Like many Americans, I watched my parents deal with layoffs and restructuring. I watched my mother pivot endlessly to learn new skills to stay relevant in the job market while keeping up with the demands of new technology, budget cuts and more. I suffered while my father dealt with depression and anxiety that lasted for decades after he was ousted from his high-ranking VP position that he’d worked his way up to from an entry-level sales gig.

I’m not here to say that people can’t be satisfied with a 9-to-5 job. I happen to have one right now that is fulfilling and challenging in all the right ways. If things never changed, I could see myself staying with it for the long haul.

But things always change.
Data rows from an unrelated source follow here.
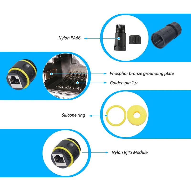 ข้อต่อ RJ45 มาพร้อมกับวัสดุคุณภาพสูงและงานฝีมืออันประณีต ทนทานต่อแรงกดและแรงกระแทก ทนต่ออุณหภูมิสูงและต่ํา ทนทาน และใช้งานได้นาน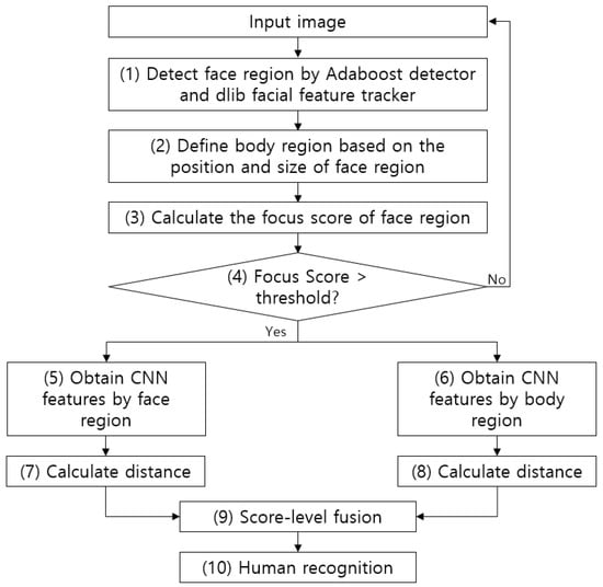 Figure 1 shows an overall flowchart of the proposed method. First, the face region in an image captured by a surveillance camera is detected by the adaptive boosting (AdaBoost) detector []. Then, a more accurate face region is detected based on the positions of the facial features (both eyes) detected by the dlib facial feature tracker [] (step (1) in Figure 1). After this, the body region is defined based on the position and size of the detected face region (step (2) in Figure 1). In the next step, the face region’s focus score is measured and the next recognition step is only performed if this value is above a certain threshold (steps (3) and (4) in Figure 1). If it is not, the next image is acquired from the camera. After this, the CNN models are run using the face region and body region as separate inputs (steps (5) and (6) in Figure 1). The extracted CNN features are used to measure their distance from the already registered features (steps (7) and (8) in Figure 1). Score-level fusion is performed using the two obtained distances, and a final matching score is obtained. This is then used to perform human recognition (steps (9) and (10) in Figure 1).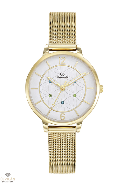 A GO órák világa friss, színes és harmonikus - a francia divatmárka modelljei letisztult eleganciát képviselnek. A tok sárga arany színű IPG bevonattal ellátott fémötvözet, átmérője 32 mm. Számlapja ezüst-fehér színű, homokfúvott virágmintával, cirkónia kövekkel díszítve, mely az Élet virága szimbólumot idézi. A nemesacél fémszíj szélessége 12 mm, mely biztonsági zárral kapcsolódik. Az üvege keményített ásványi üveg, mely ellenáll az enyhe súrlódásoknak, azok nem hagynak rajta nyomot. Japán VJ21C3 szerkezet garantálja a megbízható pontosságot. Az óra szigetelése cseppálló, mely a kézmosáskor, esőben esetlegesen ráfröccsenő cseppektől véd, de vízbe nem vihető!

I wasn’t always prepared in the past — I’m still paying off the student loans I took out from ages 22 to 27 when I went back to get my MA in creative writing (plus one semester of an MFA before the money anxiety became too much to bear).

It’s OK to make mistakes, learn from trial and error and pivot as you go along. That’s what most of us do because we are resilient. However, I now see the toll this takes on my mental, emotional and even physical health. Which is why I’ve decided to make financial independence my goal for the foreseeable future.

I don’t have a goal number yet, nor do I have a concrete plan. I have a basic outline, a year’s lease on a studio apartment, a steady 9-to-5, and endless ideas about where to start.